Introduced by the Vogue editor Anna Wintour as someone who “enjoys pushing buttons while remaining true to herself,” Rihanna accepted the award declaring with no sense of irony whatsoever fashion was “an outlet for me to express myself, to speak up, to say who I am and to be very loud about it at times. Fashion is just a world of thrills, it’s exciting, there’s no rules. I mean Wintour has a ton of rules. There are rules! But rules are meant to be broken.”
NORMAL IS BORING
Let’s start from there. No one else on the planet could have worn this dress. We may have been shocked at it, not who wore it. Rihanna’s body is frankly a work of art from every conceivable angle.
This Naked Dress as it came to be known was pieced together by little more than imagination, well-lit swaths of carpet and sheer audacity. Still, there was an elegance to her carriage that overshadowed the nudity.
Truth is Rihanna has prepped us for months. This was no bare-bottomed decision. Her dressing has progressively disappeared to the point of no return earning a ban from Instagram.
From the very beginning, fashion has been controversial. Normal is not just boring, it’s a faux pas. The Naked Dress attracted moral outrage and aptly so, from how dare she, role models, print boycotts to what the heck is wrong with this child and where is her mother!
On the flip side, people will discuss this into 2044. I loved everything about the look. The provocateur appealed to me. Turning up naked in public is such a dread, psychologists tag it our most common dream. Rihanna simply wore it with a shrug.
Driven by the need to be proper, you may think a near-naked woman on a red carpet shouldn’t shift your world. Except she must. At 26, RiRi is worth $90 million with 87 million likes on Facebook, 35.7 million Twitter followers and 111 million hits on Google. It would be wrong to presume she wields no influence.
This Naked Dress on this particular body matters. It carries the realisation just how deep morality and fashion are linked, weighs on reality, interactions and assessment of people, illuminates political correctness and proves we do judge women based on clothing and looks more than the measure of accomplishments; even one as notorious as Rihanna.
A few months back, a woman posted in the comments section of a Rihanna story: “It’s now official. I have seen her butt cheeks more than I have seen my own.” Hilarious. Except it reveals a disconnect from her own body as much it is reaffirms another’s penchant for underdressing.
It’s easy to automatically presume Rihanna piece of meat peddled for her sex appeal and the inevitable traction translating into money. Because would a woman actively and repeatedly objectify herself or allow her own objectification? Good question. 
Women have been taught to err on the side of demure. Sexuality, suggested, hinted or overt, has consequences. I’m not privy to boardroom politics when her team discusses career trajectories.
FEMALE BODY
However, women who are smart enough to realise they possess other avenues of power.
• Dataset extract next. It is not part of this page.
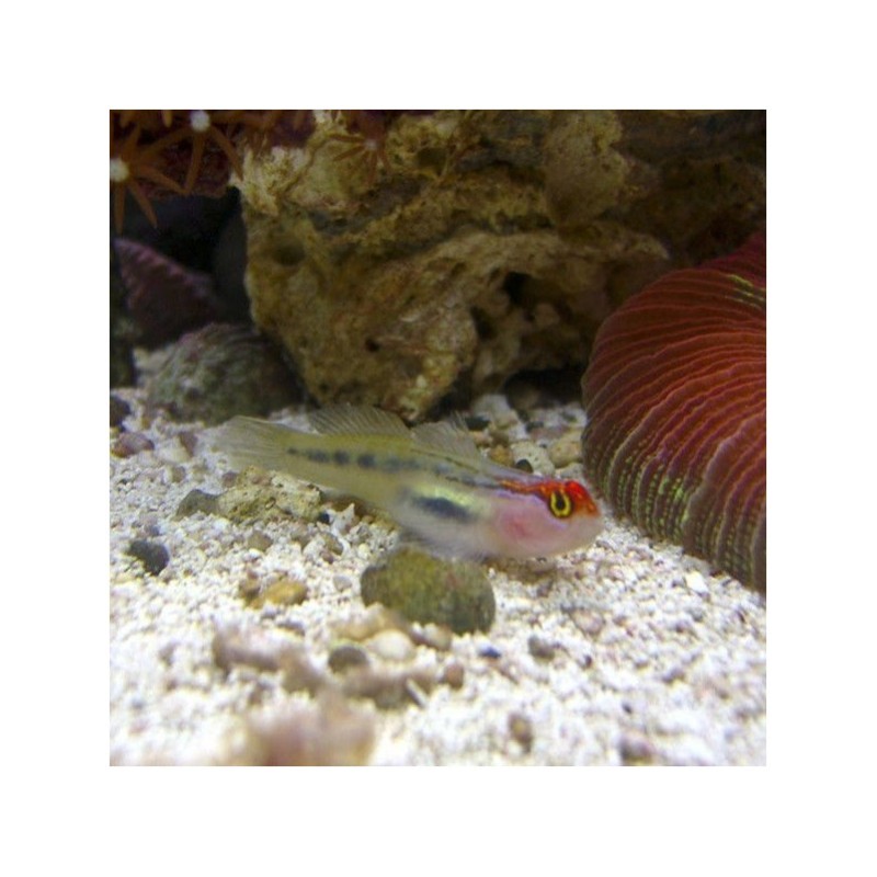 Se gaseste de la Marea Cortez până în Ecuador și este singura specie din Pacificul de Est. Acest gubiu mic, după cum sugerează și numele, are un cap roșu strălucitor cu un corp translucid. În culoarea roșie există dungi aurii și albastre vii. Gobiul cu cap roșu este un ghiuciu mai curat și nu este neobișnuit să vezi persoane care îndepărtează paraziții de la alți pești. Inițial sunt puțin mai criptici decât unii dintre omologii lor din Caraibe, dar odată ce se simt confortabil într-un rezervor, tind să rămână în aer liber, unde capul lor vibrant îi face ușor de observat. Dimensiunile lor mici și comportamentul pașnic le fac perfecte pentru rezervoarele mari și mici deopotrivă.

Rihanna is/may be on top owing to her talent and/or sex appeal. But in fashion she is the ultimate industry muse not for being beautiful, but for constantly making it possible to push the envelope and express itself through her.
She’s the perfect rule-breaking conduit who always makes fashion a point of relevance, examination and discussion. Admit it, you had no idea CFDA Awards existed prior to this and didn’t care.
Beyond the morality of public nudity lies another, more powerful conversation. The attitude towards the female body, a woman’s expression of her sexuality, women’s fashion choices, society and women’s role, expression and power in it and how fashion is the thread tying it all together come up.
Most of us will never be as comfortable naked as we are fully clothed. Still, how much do you own your body. To what degree are your fashion choices truly your own as opposed to informed by others, rules and fear; enough to be unapologetic, fully trusting what they say as clear and unmistakable? Bold enough to wear daily, consistently. Unexpected instances like this lend themselves to deeper self-examination. Once you’re done reacting, your truth will out itself.